The Ethiopian community has the highest suicide rate among youth in Israel; most Ethiopian Jewish families live in poverty; over six percent of Ethiopian students in Israel drop out of school between the ages of 14 to 17, double the national average; almost half the families of Ethiopian school children cannot afford to buy basic supplies and the arrest rate of Ethiopian youth is the highest in Israeli society.
How did this happen? The biblical narrative in First Kings of the Queen of Sheba’s visit to Israel and King Solomon nearly 3,000 years ago is considered by many scholars to be no more than a legend yet, according to Jewish historian, Josephus, in his history, Antiquities of the Jews, Sheba was indeed the queen of Egypt and Ethiopia who, among other things, carried specimens of balsam with her on her visit.
Exactly when and how it happened that a large community of real, Torah observant Jews came to live in the Horn of Africa is unclear, but French Jew, Joseph Halevy, visited Ethiopia in 1867 and provided an eyewitness account of Ethiopian Jewry from a European Jewish perspective. “Halevy described a community that followed legal sections in the Hebrew Bible and observed laws of purity surrounding menstruation, birth, and death. They observed Shabbat and believed in values such as respecting elders, receiving guests, and visiting mourners.”
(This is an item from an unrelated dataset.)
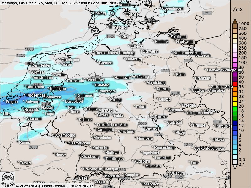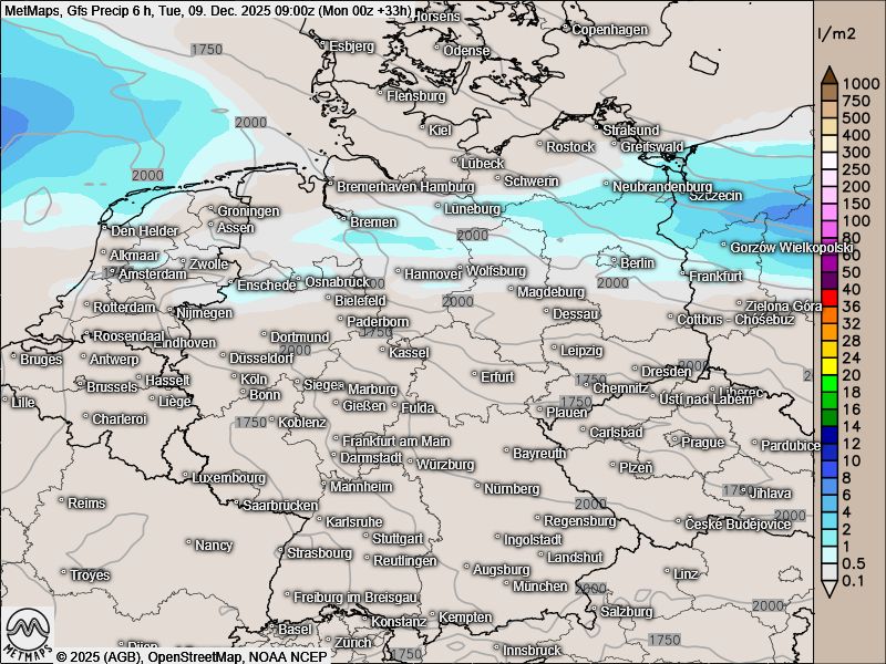 Die Sechs-Stunden-Regenmengen bis Montagabend und Dienstagfrüh, die Wetterkarte für Dienstagnachmittag sowie die Böenkarte für Montagmittag nach GFS:
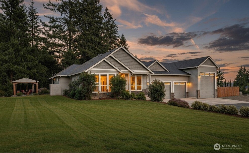 This 2018 custom Cascade West, single-level home sits on just over 2.5 acres, offering seclusion and convenience, only 10 minutes from town, and located in a gated neighborhood. Nearly 2,700 sq ft of living space with high ceilings, an open-concept layout, and a cozy fireplace. The kitchen features a massive island, and a walk-in pantry. Permanent roofline lighting, hot tub, and an oversized covered patio that is perfect for year-round outdoor living. With 4 spacious bedrooms, a huge almost 1,700 sq. ft. garage, and an attached RV bay (46’ deep with a 14’ door), pristine condition throughout, you get all the benefits of a new build without the wait. Come experience PNW living at its finest!

Pastor Kokeb Gedamu and his wife, Menalu, founded Amud HaEsh in Jerusalem in October of 2015 after Kokeb completed educational requirements and served as an ordained Messianic Jewish Rabbi in the USA for 15 years. While in the United States, Pastor Kokeb founded House of Israel International Ministries through which Amud HaEsh works “to equip the Ethiopian Jewish youth with the skills that enable them to compete in the professional environment of Israeli society and help them meet the needs of their communities. This work will give them a powerful sense of accomplishment as Israeli citizens who will be vital contributors to the broader fabric of Israeli society.”
It appears that Amud HaEsh has made real progress. Friendly, cooperative young people seemed to be everywhere during the Shabbat meeting at which three congregants were ordained as elders. Young people, including a visiting group from Netanya, assisted with logistics, sat respectfully during the message and played instruments or sang on-stage during worship. Ordained were Pastor, Atanaw Beruk, Evangelist, Messeret Bedada and Menalu Gedamu, all of whom were lauded for their efforts to further Jewish Ethiopian youth, beginning with their commitment to their families.
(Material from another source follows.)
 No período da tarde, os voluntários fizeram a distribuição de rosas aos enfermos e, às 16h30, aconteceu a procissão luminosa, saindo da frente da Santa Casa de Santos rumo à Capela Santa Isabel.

Pastors from Jerusalem and across Israel appeared in support of Amud HaEsh’s mission and took part in the services. Among them were Pastor Revka Ayelegh and his congregation from Netanya who led opening prayer and Senior Pastor Chad Holland of Jerusalem’s King of Kings who presented a message in English while Pastor Kokeb translated into Amharic. A wonderful spirit prevailed as all involved seemed to worship unselfconsciously, filled with the Holy Spirit.
Then, Amud HaEsh served their guests an authentic Ethiopian lunch.
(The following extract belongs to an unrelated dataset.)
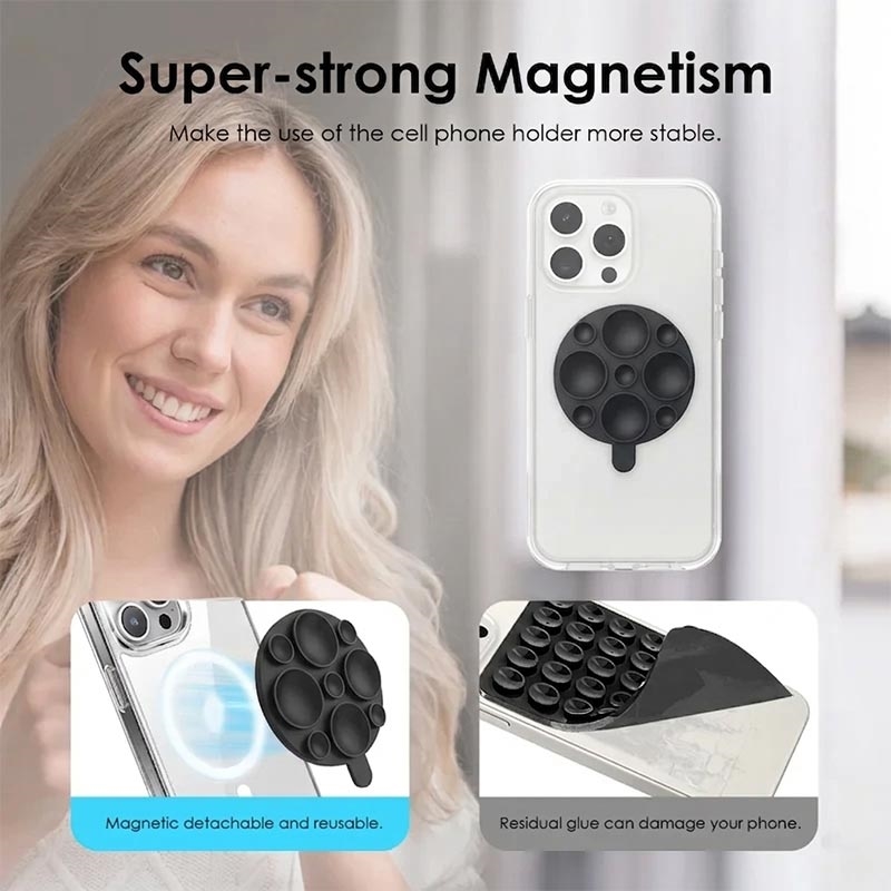 Fabriqué en silicone souple, il offre un toucher agréable, une bonne prise en main et une durabilité fiable pour un usage quotidien. La conception magnétique puissante permet de maintenir en place les téléphones compatibles MagSafe, tandis que la base à ventouse crée une installation mains libres stable pour différentes situations à la maison ou en déplacement. Léger et facile à transporter, c'est un accessoire pratique pour les utilisateurs qui souhaitent un support rapide pour leur téléphone sans supports encombrants ni installation compliquée.

Meals were prepared and served by a smiling crew in three dining venues and, thanks to a procession of congregants bearing platters of rice, breads, sautéed vegetables and spicy meats, it appeared that no one went home hungry.
After a bit of research following the wonderful meal, it appears that many non-Ethiopian guests, stemming from ignorance of an Ethiopian staple called injera, committed a forgivable faux pas. It happens that injera, a spongy-textured, sourdough-risen flatbread made from fermented flour, is customarily torn in pieces then used like organic grabbers to handle food in place of utensils which, Wikipedia explains, “are never optional.”
So, asking, “Where are the forks?” did not go over well. No worries, after a bit of introspection our servers produced trays of plasticware and ample portions were consumed by all.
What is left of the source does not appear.